__ACTIVITY__.
Drop every image, then reproduce the data exactly as given.

__DATA PROVIDED__.
^^^^^^^^
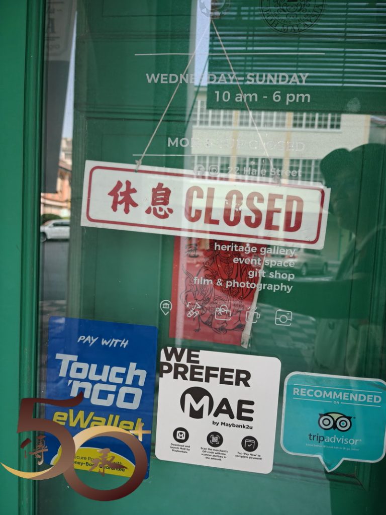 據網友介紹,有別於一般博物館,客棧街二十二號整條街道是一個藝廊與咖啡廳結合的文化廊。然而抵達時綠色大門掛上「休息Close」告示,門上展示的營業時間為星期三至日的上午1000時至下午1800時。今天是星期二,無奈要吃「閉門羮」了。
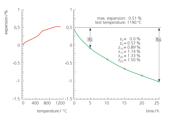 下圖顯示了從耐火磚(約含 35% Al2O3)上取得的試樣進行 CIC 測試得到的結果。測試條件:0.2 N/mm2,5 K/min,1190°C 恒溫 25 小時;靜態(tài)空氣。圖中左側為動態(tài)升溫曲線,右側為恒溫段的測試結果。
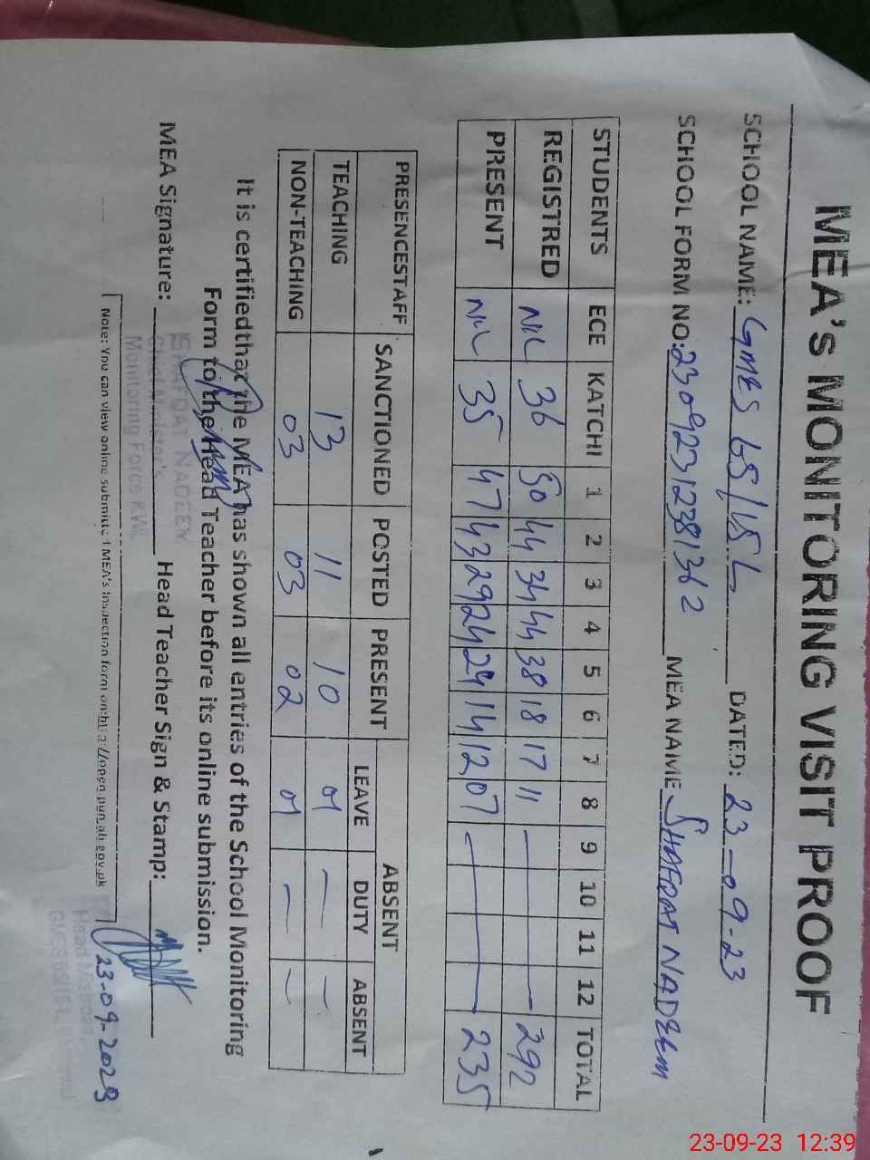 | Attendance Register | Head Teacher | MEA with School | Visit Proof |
^^^^^^^^
__RESULT OF THIS TASK__.
 據網友介紹,有別於一般博物館,客棧街二十二號整條街道是一個藝廊與咖啡廳結合的文化廊。然而抵達時綠色大門掛上「休息Close」告示,門上展示的營業時間為星期三至日的上午1000時至下午1800時。今天是星期二,無奈要吃「閉門羮」了。
 下圖顯示了從耐火磚(約含 35% Al2O3)上取得的試樣進行 CIC 測試得到的結果。測試條件:0.2 N/mm2,5 K/min,1190°C 恒溫 25 小時;靜態(tài)空氣。圖中左側為動態(tài)升溫曲線,右側為恒溫段的測試結果。
 | Attendance Register | Head Teacher | MEA with School | Visit Proof |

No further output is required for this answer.